[SUPPLIED DATA Boundary: Start]

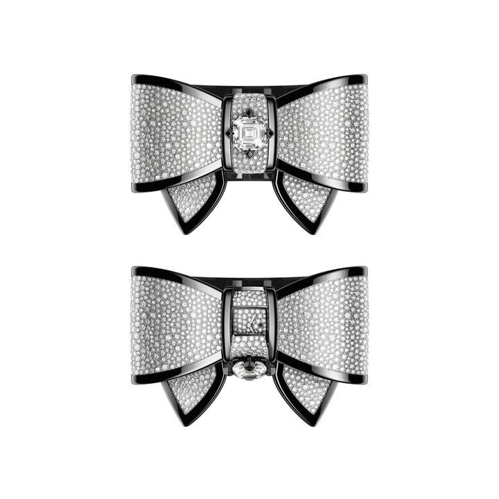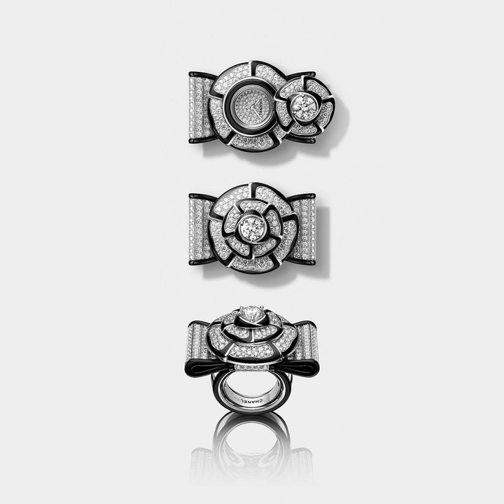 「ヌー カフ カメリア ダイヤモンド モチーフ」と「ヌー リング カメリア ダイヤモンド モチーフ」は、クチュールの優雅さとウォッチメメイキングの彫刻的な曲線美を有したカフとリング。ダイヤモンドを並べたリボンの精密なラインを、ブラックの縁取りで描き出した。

[SUPPLIED DATA Boundary: End]
[SUPPLIED DATA Boundary: Start]

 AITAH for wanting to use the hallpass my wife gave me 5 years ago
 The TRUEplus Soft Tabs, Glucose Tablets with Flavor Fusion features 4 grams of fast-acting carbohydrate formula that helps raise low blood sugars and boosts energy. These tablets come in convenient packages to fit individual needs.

[SUPPLIED DATA Boundary: End]

* WORK REQUIRED *
Within the material above, transcribe exactly the lines that run from the line holding "AITAH for wanting" through the line holding "The TRUEplus Soft".

* REPLY *
 AITAH for wanting to use the hallpass my wife gave me 5 years ago
 The TRUEplus Soft Tabs, Glucose Tablets with Flavor Fusion features 4 grams of fast-acting carbohydrate formula that helps raise low blood sugars and boosts energy. These tablets come in convenient packages to fit individual needs.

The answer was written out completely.